### [Task instructions]
Wherever a picture appears in the listing, leave it out, and copy the rest exactly.

### [Data provided]
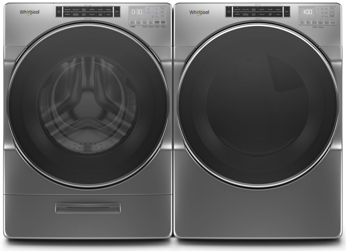 Whirlpool® Chrome Shadow Front Load Laundry Pair with a 5.8 cu. ft. capacity washer and 7.4 cu. ft. capacity gas dryer.Read More
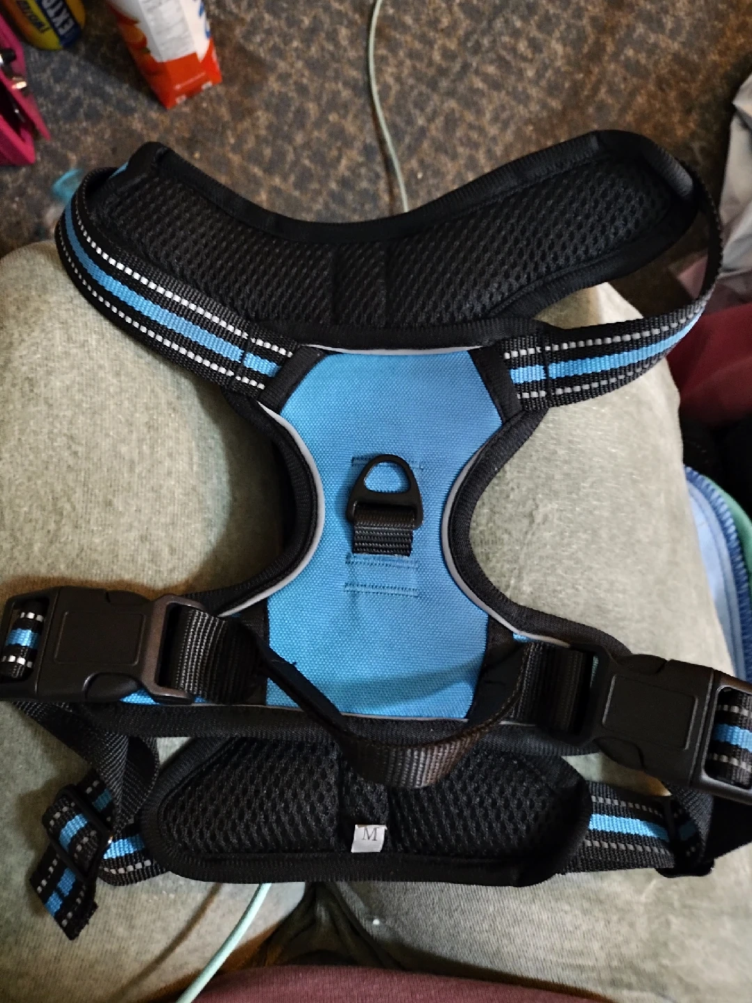 541new in package. Selling a dog harness in size medium. It's black and light blue with a mesh design. Great for walks with your furry friend! it fits smaller dogs, such as pugs and other small breeds. $15 , price is firm. located at Weston and Lawrence.
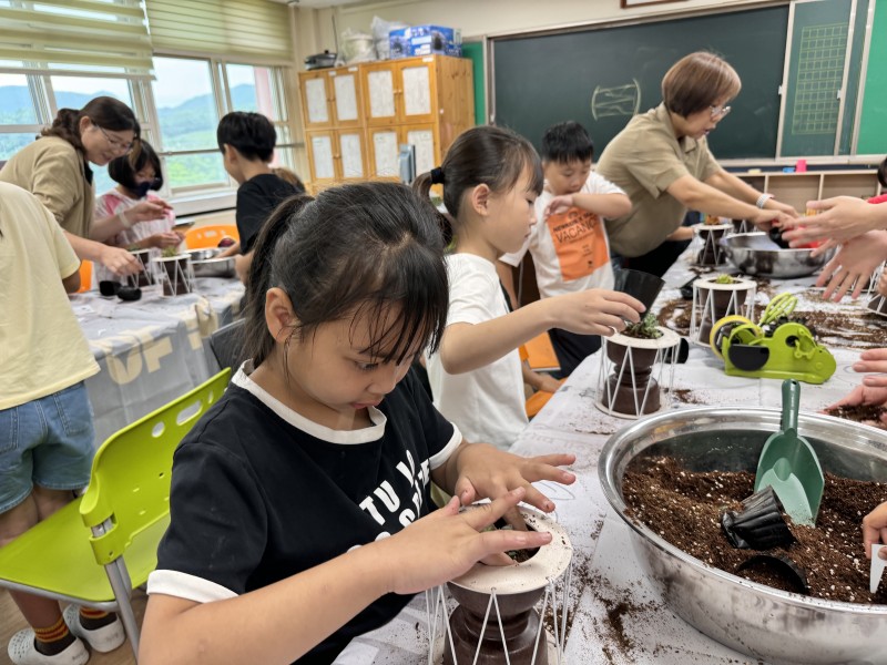 둘째 날에는 한국순환경제협동조합에서 CXP라는 새로운 소재를 소개했다. 탄소를 더 많이 저장할 수 있는 숲을 만들기 위해 숲가꾸기를 하고, 그 부산물을 활용해 플라스틱을 대체할 수 있도록 열가소성을 더해 만든 새로운 소재가 CXP(Cellulose X-linked Polymer)이다. 화분 안에는 동애등에 분변 퇴비를 채워 넣었다. 동애등에는 남은 음식물, 가축분뇨를 분해하여 단백질과 비료를 만들어내어 최근 지구를 재생시키는 역할로 주목받고 있는 곤충이다. 환경을 살리고 자원을 활용하는 다양한 방법에 대해 배우며, 영동군의 아이들에게 맞추어 제작한 장구모양의 화분으로 지역의 정체성을 공유하는 시간이었다.
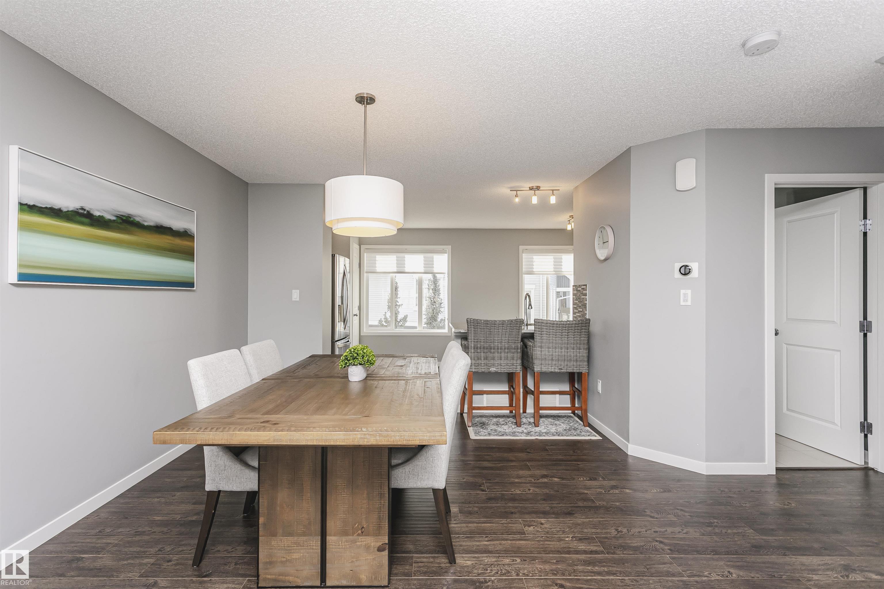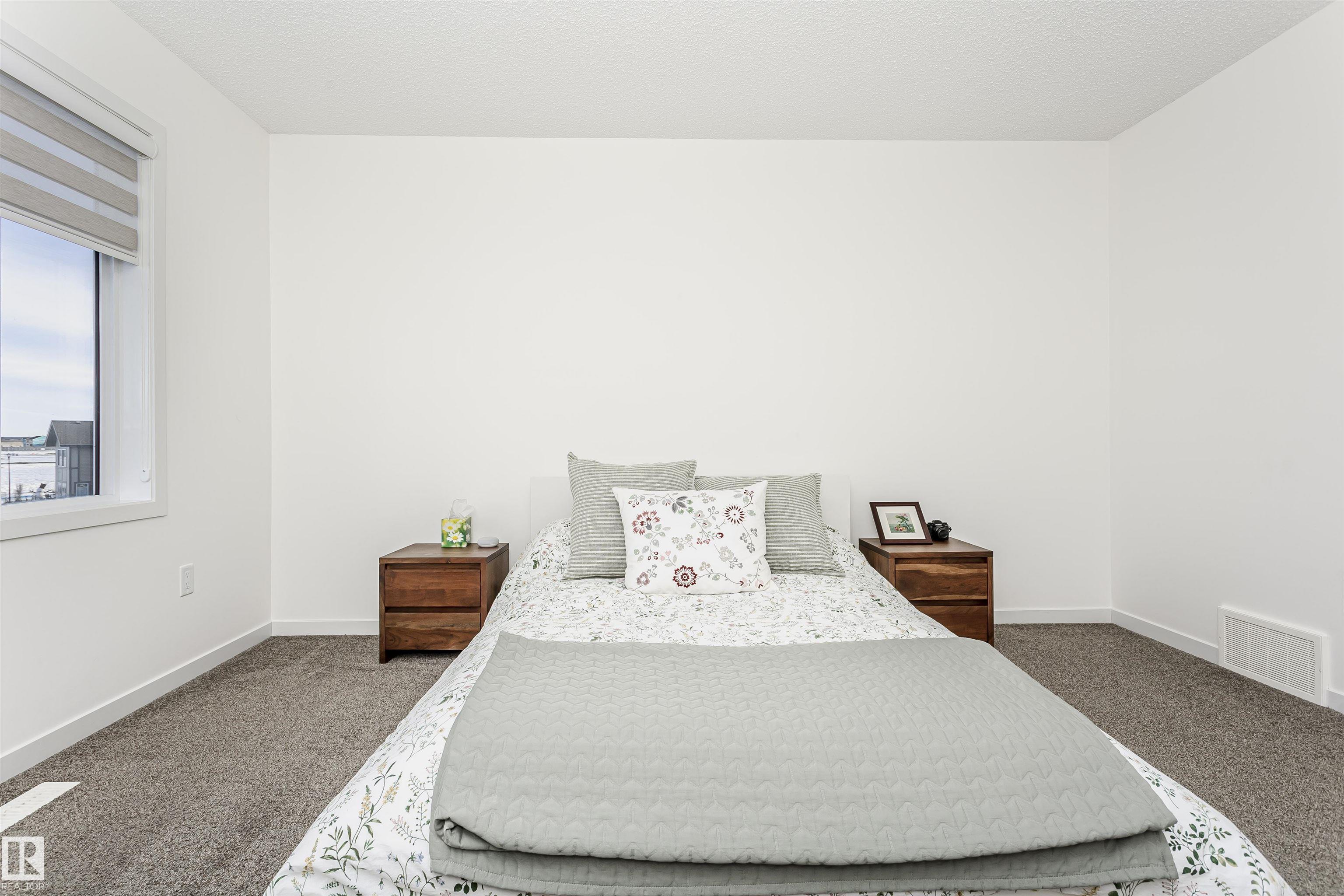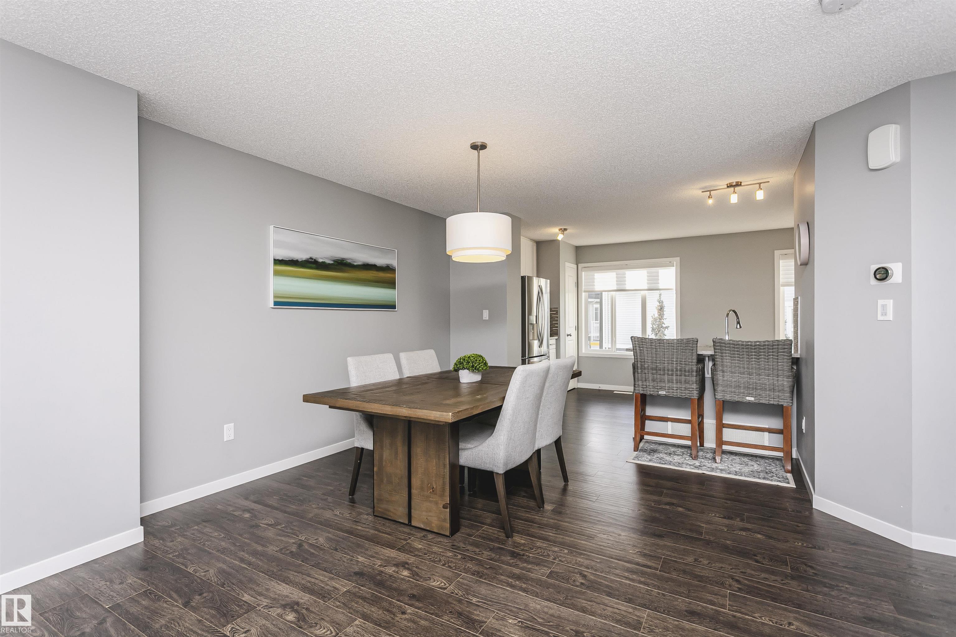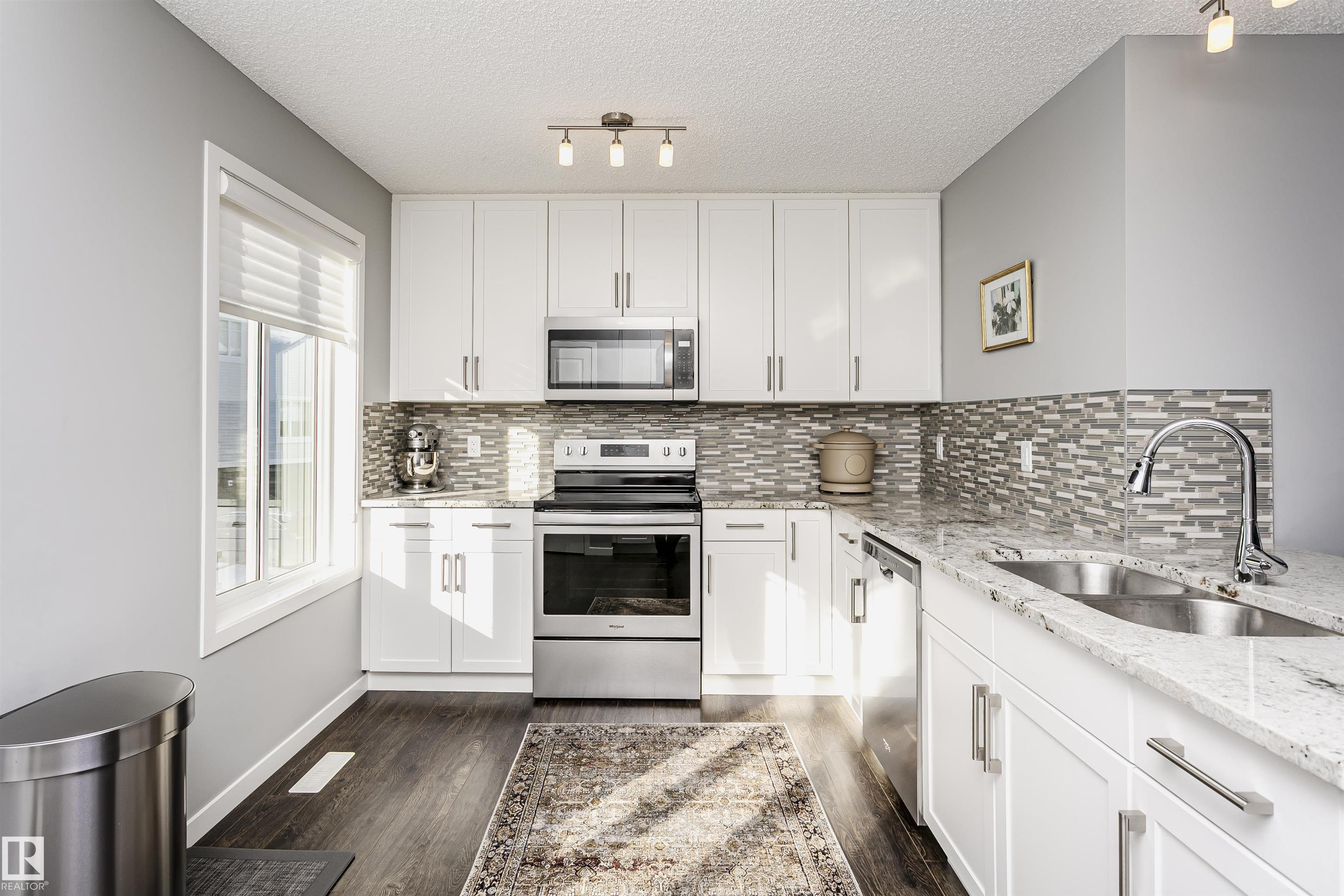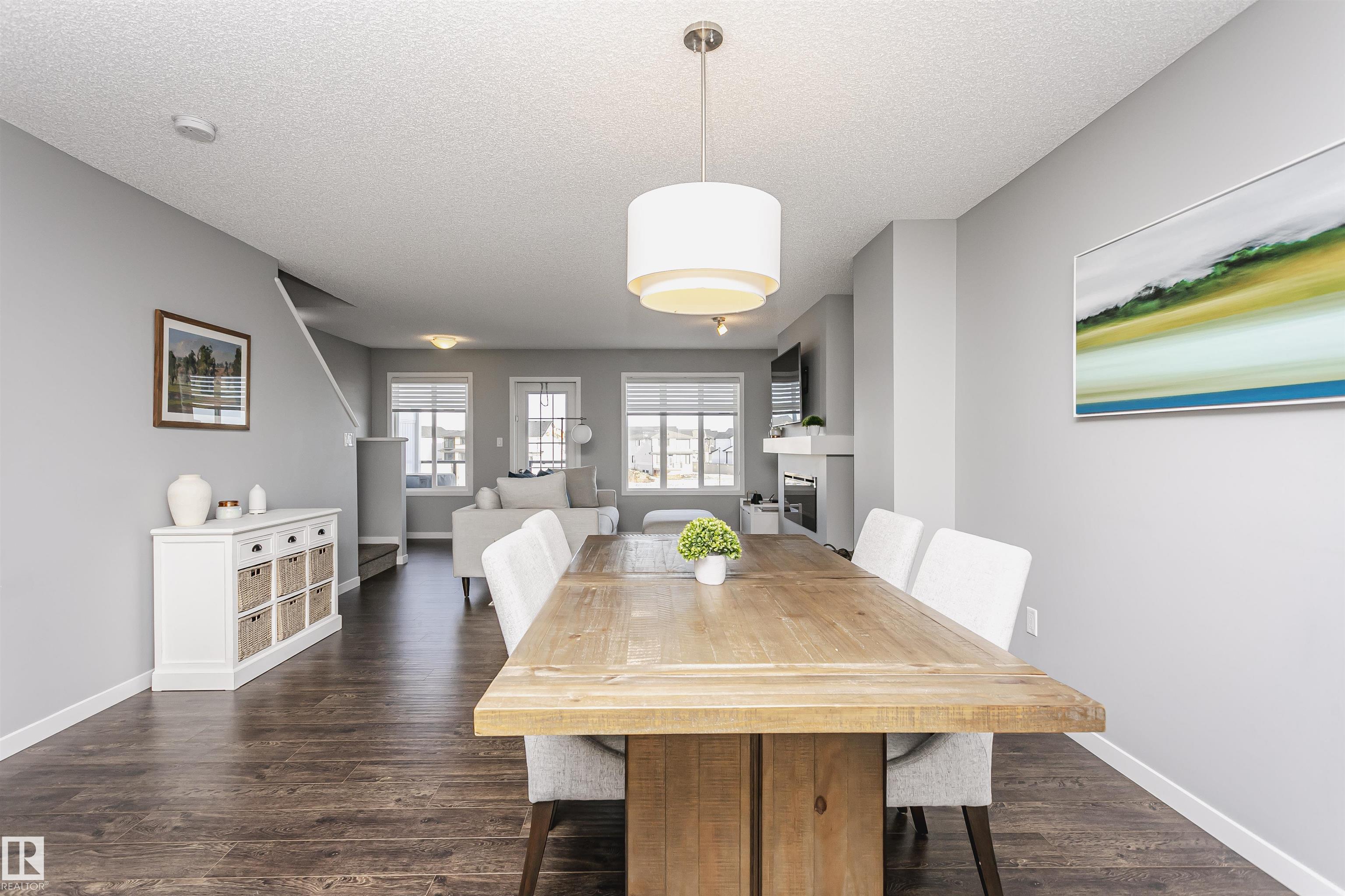 Better than new with breathtaking pond views!! Welcome to this beautiful, immaculately maintained townhouse with 1678 sq/ft of living space. This home offers modern living with 3 bedrooms plus a private den, and a 2-car attached garage. Bright open-concept main floor with living room and access to the balcony, the perfect spot to savor your morning coffee while enjoying the serenity of a pond. Designer dream kitchen with oversized countertops with an eating bar, elegant tile backsplash, upgraded stainless steel appliances and loads of cabinetry. A generous dining area, a convenient powder room completes this level. The primary suite on the upper level has a walk-in closet and a full ensuite, while 2 additional bedrooms, a full bathroom and a laundry room provide plenty of space for the whole family. Ground level offers a welcoming foyer and a flexible den/flex room with incredible views of the pond and direct access to the garage. Front fenced yard is perfect for BBQs with family & friends. Welcome Home!

### [Response to the exercise]
 Whirlpool® Chrome Shadow Front Load Laundry Pair with a 5.8 cu. ft. capacity washer and 7.4 cu. ft. capacity gas dryer.Read More
 541new in package. Selling a dog harness in size medium. It's black and light blue with a mesh design. Great for walks with your furry friend! it fits smaller dogs, such as pugs and other small breeds. $15 , price is firm. located at Weston and Lawrence.
 둘째 날에는 한국순환경제협동조합에서 CXP라는 새로운 소재를 소개했다. 탄소를 더 많이 저장할 수 있는 숲을 만들기 위해 숲가꾸기를 하고, 그 부산물을 활용해 플라스틱을 대체할 수 있도록 열가소성을 더해 만든 새로운 소재가 CXP(Cellulose X-linked Polymer)이다. 화분 안에는 동애등에 분변 퇴비를 채워 넣었다. 동애등에는 남은 음식물, 가축분뇨를 분해하여 단백질과 비료를 만들어내어 최근 지구를 재생시키는 역할로 주목받고 있는 곤충이다. 환경을 살리고 자원을 활용하는 다양한 방법에 대해 배우며, 영동군의 아이들에게 맞추어 제작한 장구모양의 화분으로 지역의 정체성을 공유하는 시간이었다.
 Better than new with breathtaking pond views!! Welcome to this beautiful, immaculately maintained townhouse with 1678 sq/ft of living space. This home offers modern living with 3 bedrooms plus a private den, and a 2-car attached garage. Bright open-concept main floor with living room and access to the balcony, the perfect spot to savor your morning coffee while enjoying the serenity of a pond. Designer dream kitchen with oversized countertops with an eating bar, elegant tile backsplash, upgraded stainless steel appliances and loads of cabinetry. A generous dining area, a convenient powder room completes this level. The primary suite on the upper level has a walk-in closet and a full ensuite, while 2 additional bedrooms, a full bathroom and a laundry room provide plenty of space for the whole family. Ground level offers a welcoming foyer and a flexible den/flex room with incredible views of the pond and direct access to the garage. Front fenced yard is perfect for BBQs with family & friends. Welcome Home!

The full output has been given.